The interviewee was an impressive candidate on paper. He was a graduate of one of the top local universities and had a strong track record in his field. I had high hopes for the conversation, but it quickly took a turn that I had not expected.

The moment the interviewee stepped into the room, I could tell he was confident. His posture was straight, and he spoke with authority. I introduced myself and asked him to tell me about himself. His response was anything but what I was expecting.

He proudly declared that he was an elite local university graduate and that he should not be compared to graduates from cheap private schools. He said that the quality of education he received from the university was far superior to anything the private schools could offer.

I was taken aback. I interviewed several candidates from private schools and found them to be just as capable and qualified as the candidates from the local university.
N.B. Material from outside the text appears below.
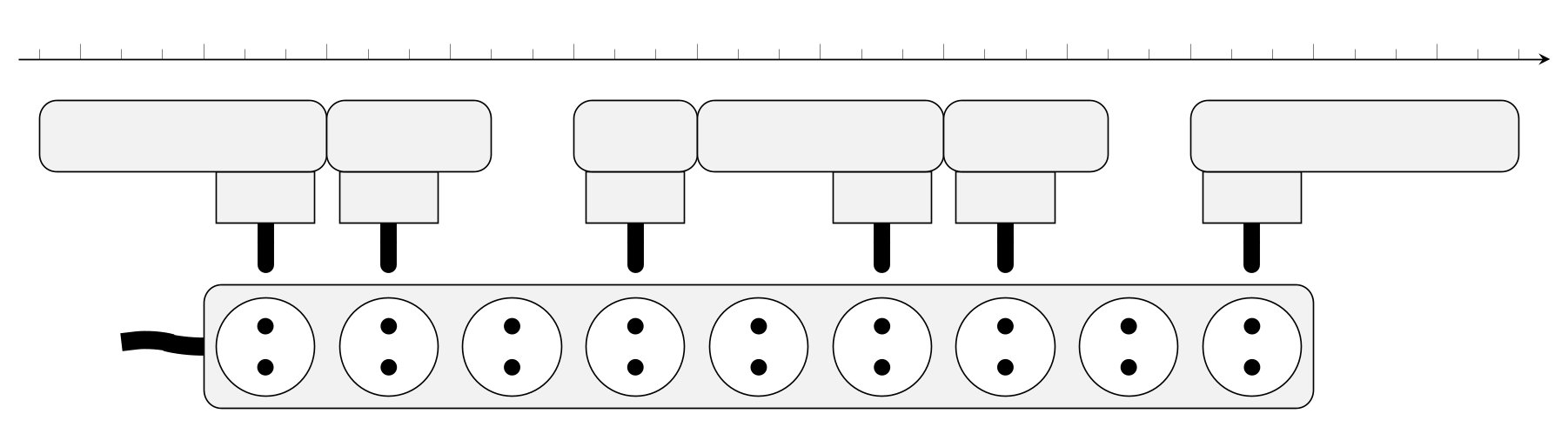 Your power strip comprises a row of sockets, and each socket is in diameter. Furthermore, as you examine the chargers, you notice that they all have integer lengths. The plug of each charger is always on one of the two ends, and each charger can only be used in two orientations. Chargers cannot overlap, but can touch, and can extend beyond the end of the power strip as long as they are plugged in to a socket. This is visualized in Figure A.1. Hoping that this allows them to avoid the training, your friends agree to write a program to solve this.

I was sure he was wrong and I wanted to challenge his statement, but I decided to remain polite and professional.

I asked him questions about his academic background and experience, and he answered them with confidence and authority. He was clearly a knowledgeable and capable person, but I still couldn’t shake the feeling that his attitude was arrogant and condescending.

Throughout the rest of the conversation, I couldn’t help but feel that the interviewee was looking down on me and the rest of the candidates. His attitude was smug and dismissive, and I had to remind myself that this was a job interview, not a debate.

After the interview was finished, I thanked him for his time and he left. I was still taken aback by his attitude, but I was also thankful that I had kept my composure and given him the benefit of the doubt.

In my experience, a confident attitude is a great trait for any job candidate, but arrogance is a red flag. It can be difficult to discern between the two, but interviewees should remember that their attitude and behavior can make or break their chances of getting the job.

He called back a few days later and we told him his attitude does not fit the job role, he can try his attitude at somewhere else.